Congresswoman Terri Sewell, D-Alabama, told reporters Wednesday after the inauguration that the historic election of Vice President Kamala Harris — the first female, first Black and first Asian-American vice president — is the product of the sacrifices of so many who came before her.
“She’s very humbled,” Sewell said of Harris. “She knows it’s not about her. It’s really about the sacrifices of generations of women who really led to this point. She is fiercely reminded of that but she also knows that she has to forge the path for others to follow behind.”
Sewell said it says a lot about Harris that President Joe Biden selected her for vice president, and that she believes Harris will do the very best in her role, irrespective of race or gender.

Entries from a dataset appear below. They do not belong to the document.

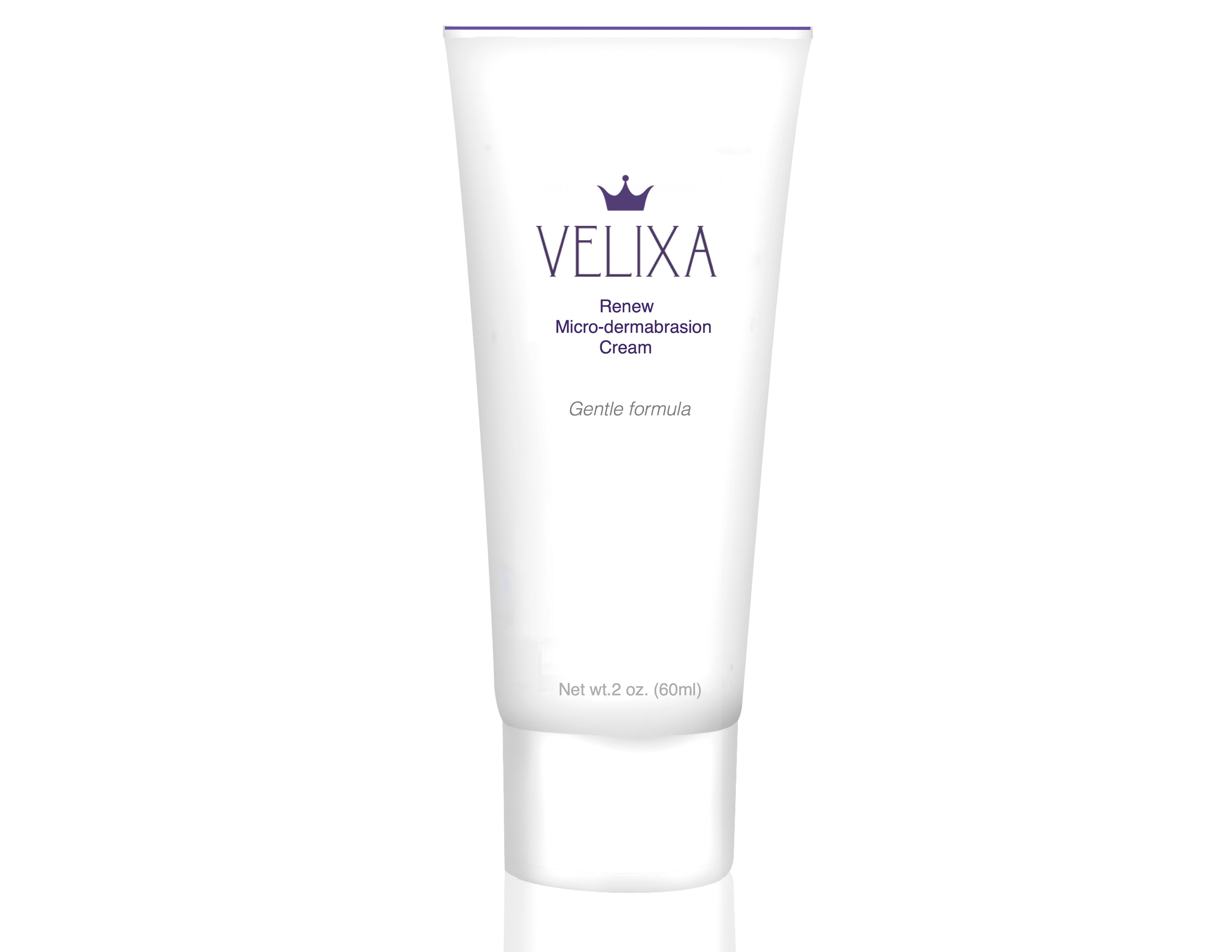 Next is a new-comer on the scene, the Micro Dermabrasion Renew Crème by Velixa. The crème is formulated with skin brightening agents that work overtime to help not only remove dead surface skin, but diminish hyperpigmentation spots caused by adult acne. This amazing scrub is moisturizing and gentle enough for daily use.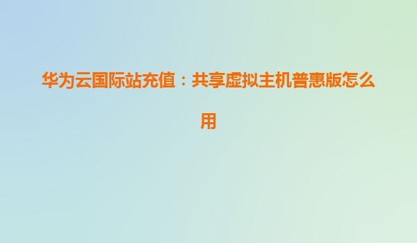 好的,我会为你写一篇关于“华为云国际站充值:共享虚拟主机普惠版怎么用”的文章,并按照要求的格式生成HTML代码。以下是文章内容: 华为云国际站充值:共享虚拟主机普惠版怎么用 随着云计算技术的快速发展...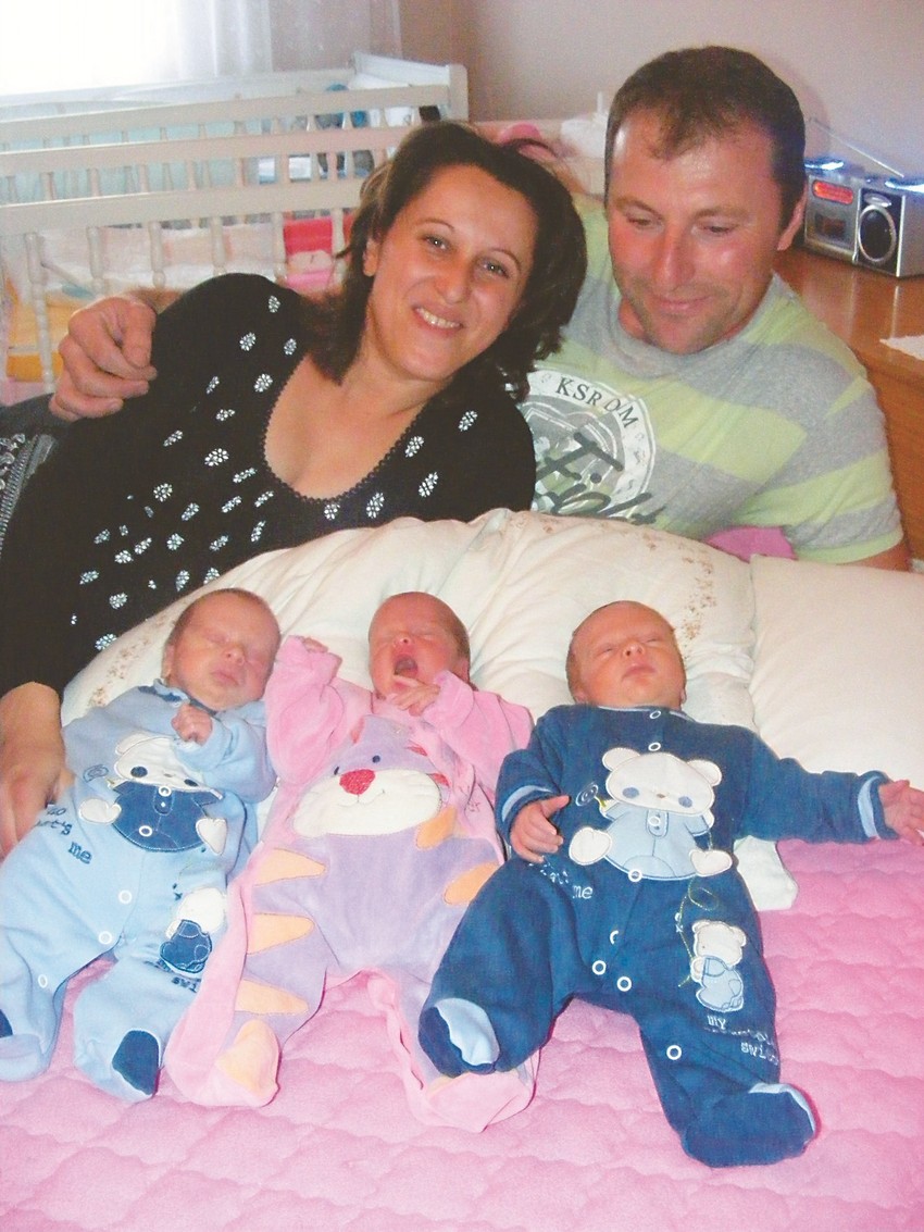 Presrećni smo - kažu roditelji kojima osmeh ne silazi sa lica. - Željno smo ih iščekivali i dočekali posle devet godina zahvaljujući vantelesnoj oplodnji - priča mama Ivana. Lepo je odgajati troje dece, a nije ni teško kad je toliko ljubavi oko njih.
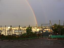 保護者向け部活動説明会が行われました。明日から1年生が正式入部となります。夕方にはなんともきれいな虹が現れました。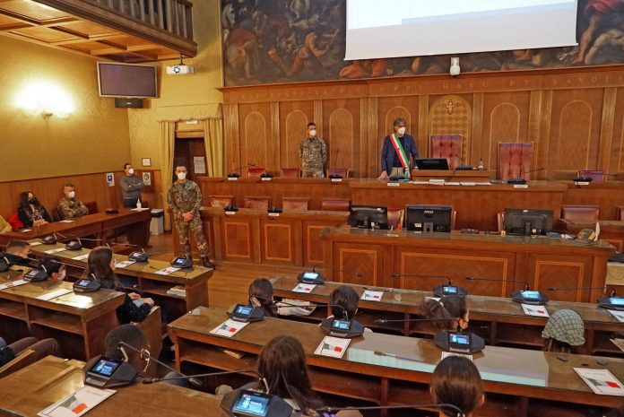 La lezione tenuta dal rappresentante dell’Esercito, il Tenente Colonnello Antonio Mannella, ha fornito ai ragazzi le principali nozioni sui simboli dell’unità nazionale, anche attraverso la proiezione di immagini e video sulla storia d’Italia: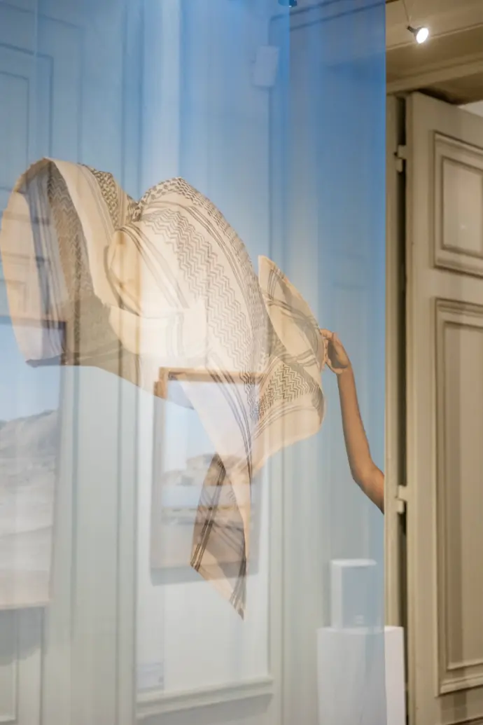 Dans SOUFFLE ARIDE, j’y vois le Bleu qui vient dialoguer avec le Sable. Il y a ces zones désertiques et rocheuses édifiées aux couleurs naturelles et puissantes que sont celles de la terre d’Oman et face à cela le Bleu, qui dessine la légèreté du ciel mais aussi la puissance maritime qui redéfini le paysage.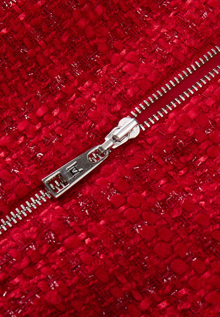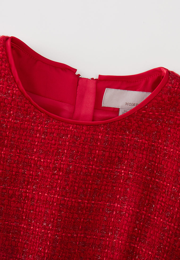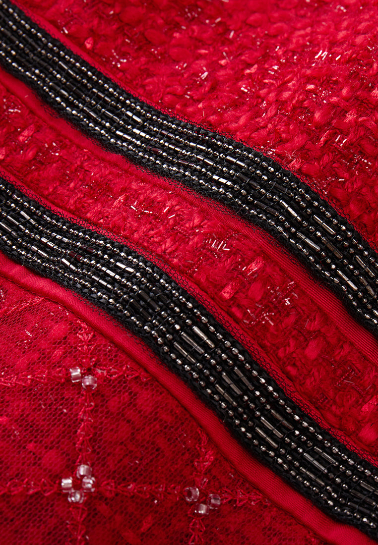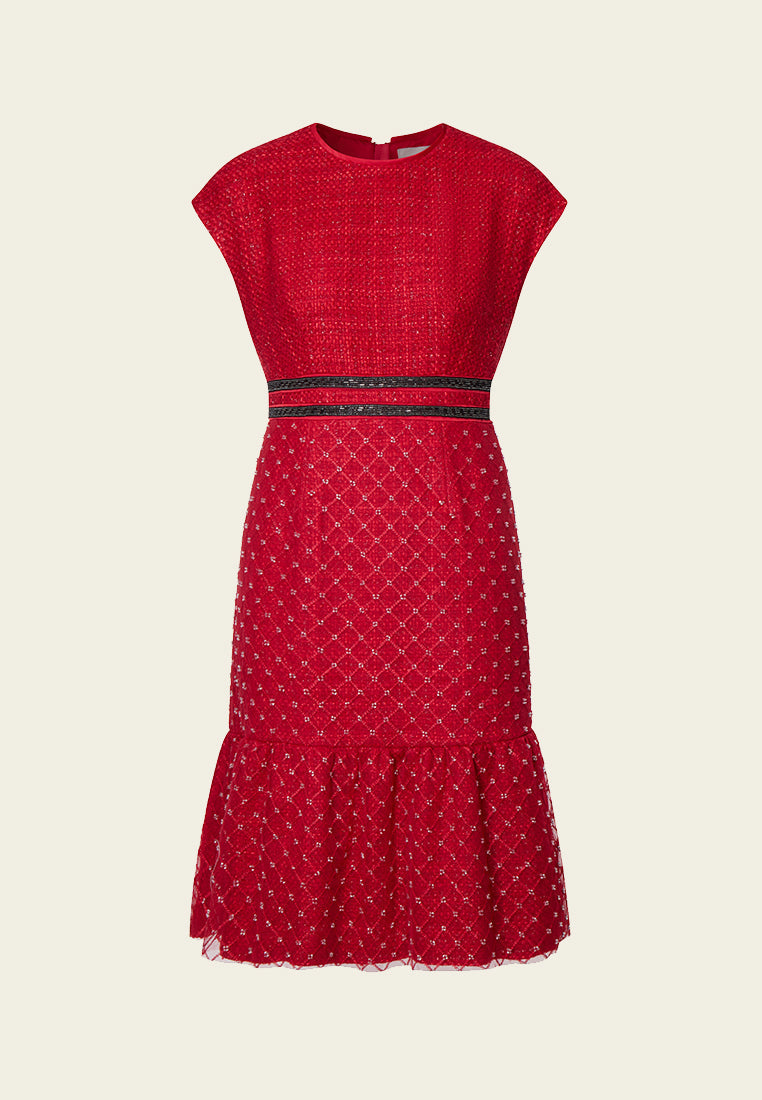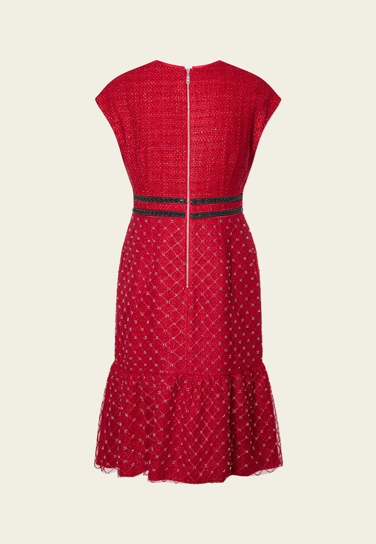 Red Cap-sleeved Embroidered Mesh Tweed Dress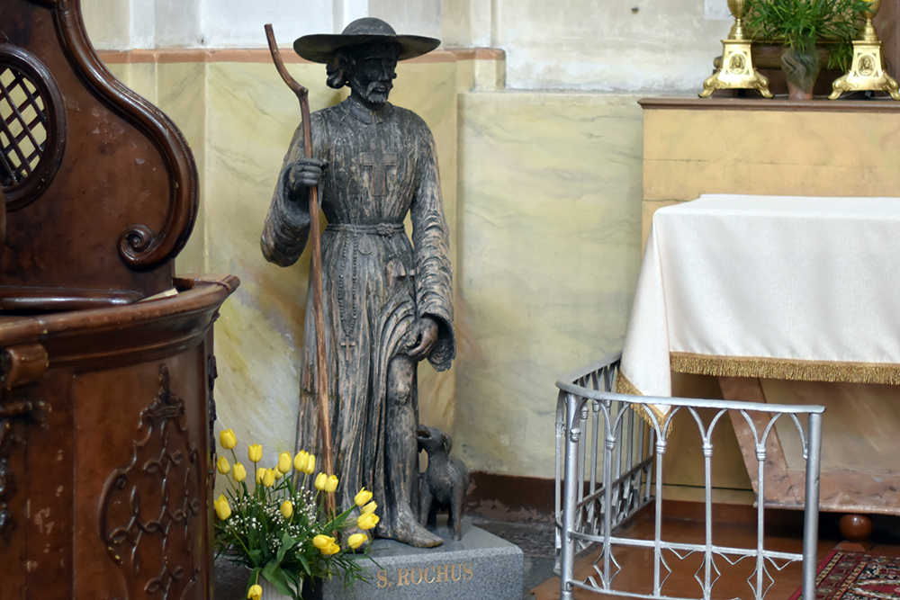 Слева от входа, под хорами стоит скульптура Святого Роха, которая когда-то возвышалась над воротами храма (сейчас там установлена копия). Св. Рох - покровитель больных чумой и холерой, а также дерматологических больных, паломников, хирургов, собак и домашнего скота. Обычно святого изображают, указывающим на чумную язву на своей левой ноге. Часто он изображается с собакой, держащей в пасти хлеб.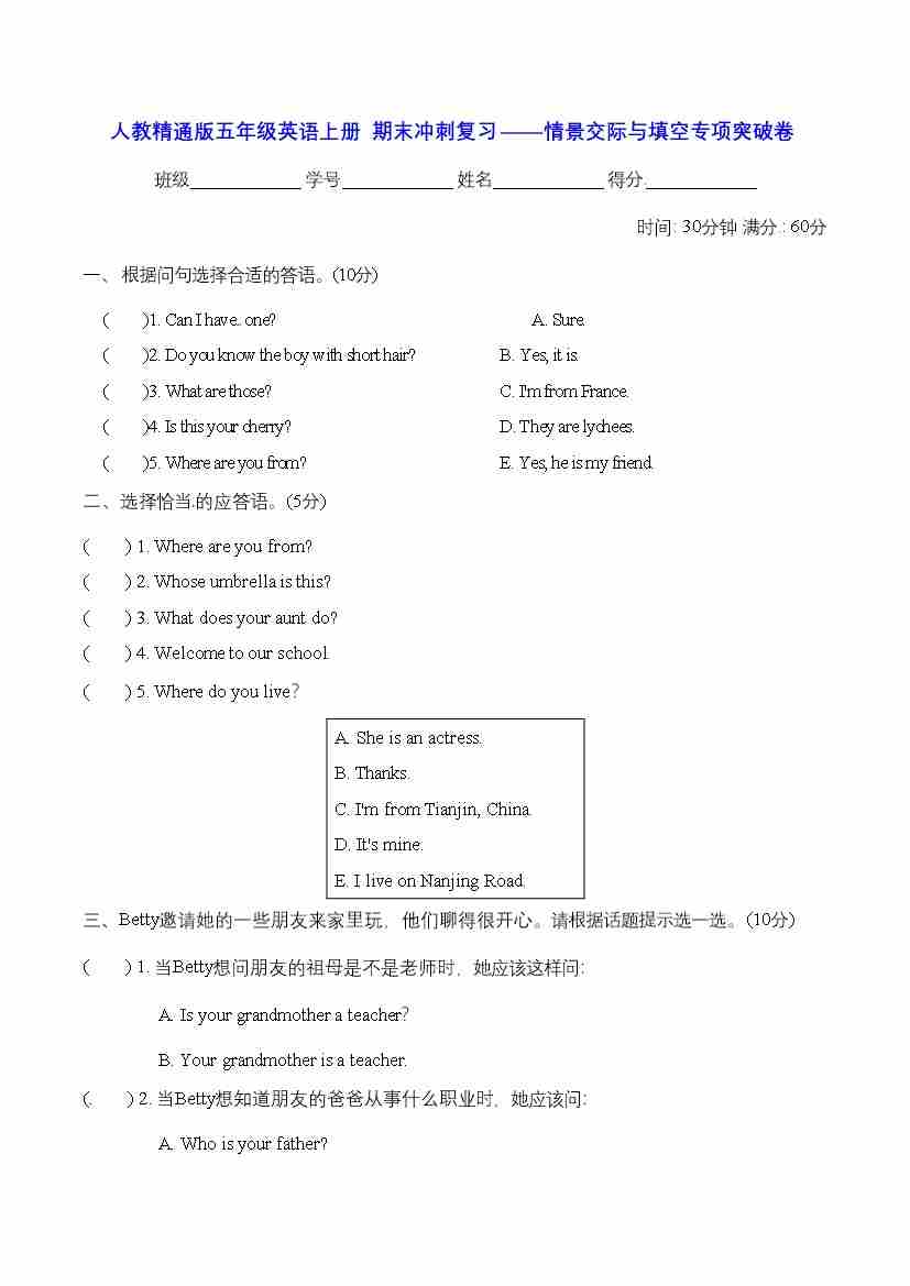 首页 > 全部 > 期末专项 > 人教精通版五年级英语上册 期末冲刺复习——情景交际与填空专项突破卷【含答案】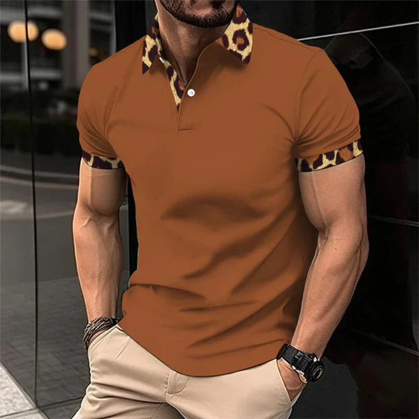 Vintage Leopard Print Patchwork Lapel Polo Shirt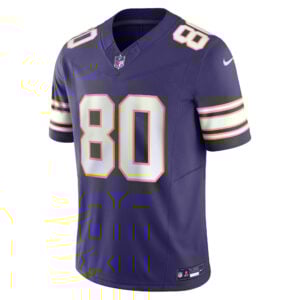 The Cris Carter Minnesota Vikings Purple Classic Vapor F.U.S.E Limited Jersey – All Stitched honors heritage with modern precision. With stitched names, embroidered numbers, and detailed logos, this jersey captures Carter’s legendary role while embodying Minnesota football pride.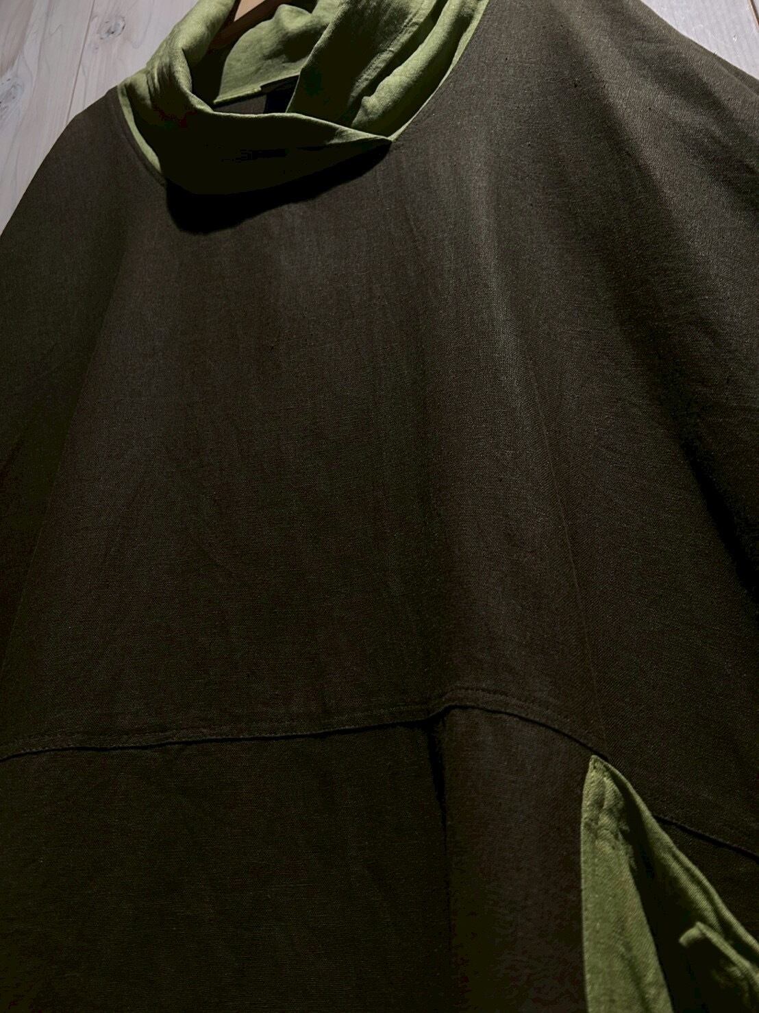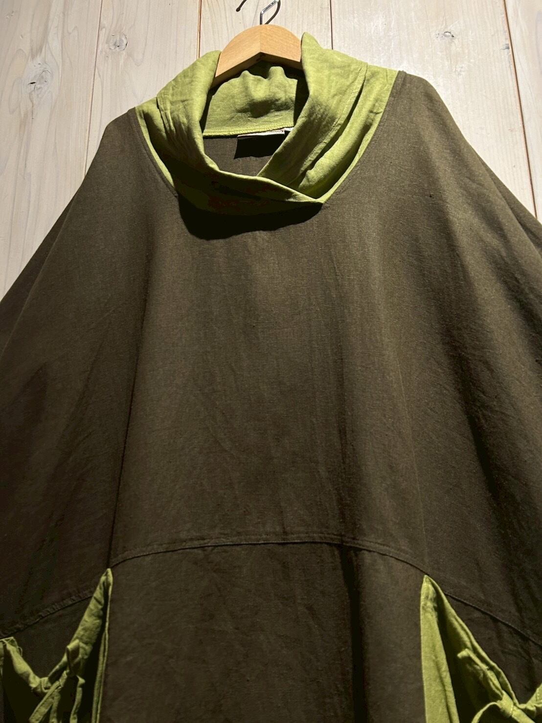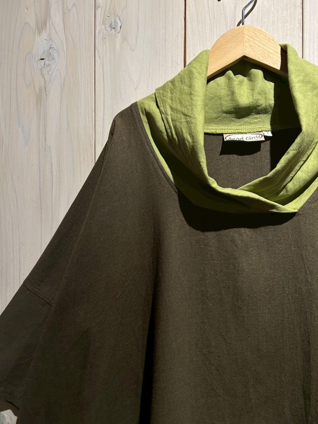緑を混ぜたような、深みのあるブラウンのボディにくすんだ黄緑を首元、ポケットに切り替えた半袖プルオーバー。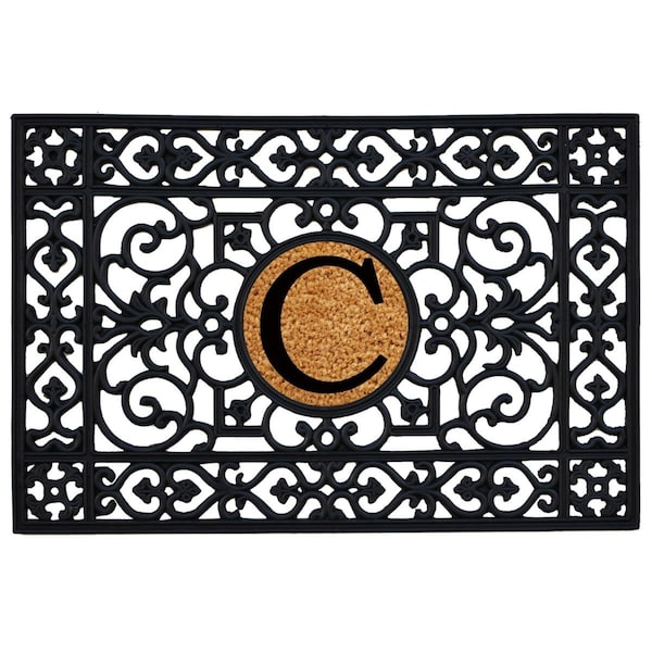 2 x 3 ft. Rubber Monogram Insert Rectangular Doormat, Black - Letter C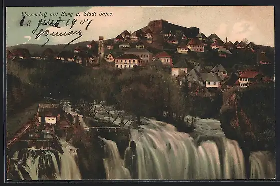 AK Jajce, Stadtansicht mit Wasserfall und Burg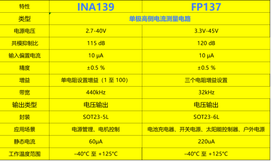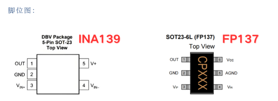 在封装上,INA139为5引脚SOT-23,FP137为6引脚SOT-23。PCB设计上布局兼容,仅需根据新增引脚调整少量走线,典型应用电路也基本一致 。

“I think that little girls around the world will look up and see what’s possible, by the work and the very position that she has obtained,” Sewell said.
“As I sat beneath the Capitol watching President Biden and Vice President Harris take the oath, I was reminded that today would not have been possible without amazing sacrifices made by American heroes, like John Lewis and Amelia Boynton Robinson,” Sewell said. “Others for my district, who had the great temerity to fight for equality and justice for all. It was a lot of those known and unknown foot soldiers of the movement who really risked their lives so that all Americans could have the sacred right to vote.”
Sewell said she also believes the country owes a debt to women suffragettes, Black women and women of color who paved the way so that the U.S. could have the first Black and first female vice president.
“I think that girls across this nation, millions of girls across this nation and world, will now see themselves manifested in Vice President Kamala Harris,” Sewell said. “As Vice President Harris often says, our work is not done. It’s not enough to be the first. It’s all about breaking down barriers and making sure that you’re opening doors so that you’re never the last, and I believe that she will work to continue to earn the great respect that the American people have placed at her.”
Sewell said she believes in the sincerity of Biden’s statement in his inauguration speech, that he would work just as hard for those who didn’t vote for him as for those who did. Biden’s call for unity in a time of such strife is what’s needed in this moment, she explained.
When pro-Trump rioters attacked the U.S. Capitol on Jan. 6, Sewell was in the Capitol, and was rushed into a protective room with her colleagues as the chaos unfolded and rioters tried to make their way further inside the building. Sewell commented on that violent day.
“We heard the roar of the crowd. We heard the incitement to violence. ‘Hang Mike Pence,’” Sewell said. “We heard the gunshots of the person who was shot in the speaker’s lobby, literally a stone’s throw from where we were.”
Sewell also spoke on the resilience of the country’s democracy, echoing Biden’s comments made moments before during his inaugural speech.
“I know that we as a people are resilient, and I really hope that we will put our divisions aside and do as President Biden urged us in his speech, to unite, to really try to heal our divide by listening to one another,” Sewell said. “By working with one another, but also just remembering that we are so interconnected.”